# White Smoke Under Hood



## Annita Mae (Oct 7, 2008)

I have a 1995 Buick Regal Custom, 153000 miles 3.1 Liter Engine I believe. Yesterday I was driving the car in the rain, when I stopped and parked I noticed what looked like steam coming out from underneath the hood. It went away after a minute. I just though the coldness from the weather mixed with the warmness of the engine. Today, no rain came home and noticed the white smoke coming from the hood again. (kind of sweet smelling, not burned or scorched) There have been no lights coming on, no smoke billowing from the tail pipe, not overheating.

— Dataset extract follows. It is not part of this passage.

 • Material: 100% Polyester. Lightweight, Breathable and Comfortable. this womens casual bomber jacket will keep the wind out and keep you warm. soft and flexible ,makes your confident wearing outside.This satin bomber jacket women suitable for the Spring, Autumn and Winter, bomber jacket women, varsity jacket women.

I popped the hood and immediately noticed that the coolant level was way low,almost below the mark where it should be when it is cold, and it is pretty murky looking. I added coolant. I did notice the smoke dissipated quickly. When the engine cooled, I checked the oil, guilty I do need a oil change, somewhat black but translucent, but it was at the right level, no moisture on the dip stick, no leaks under the car. I did see a little drip under a hose that looks like it goes into the radiator. (could be a little back splash from adding the coolant) Can someone please tell me what this could be?


----------



## manic (Aug 2, 2005)

That sweet smell is anti freeze boiling or blowing out. Check hoses,
radiator, thermostat may be stuck. I wouldnt drive it until you get if
figured out.


----------



## Raylo (Feb 12, 2006)

Could also be water pump or intake manifold gaskets leaking.


----------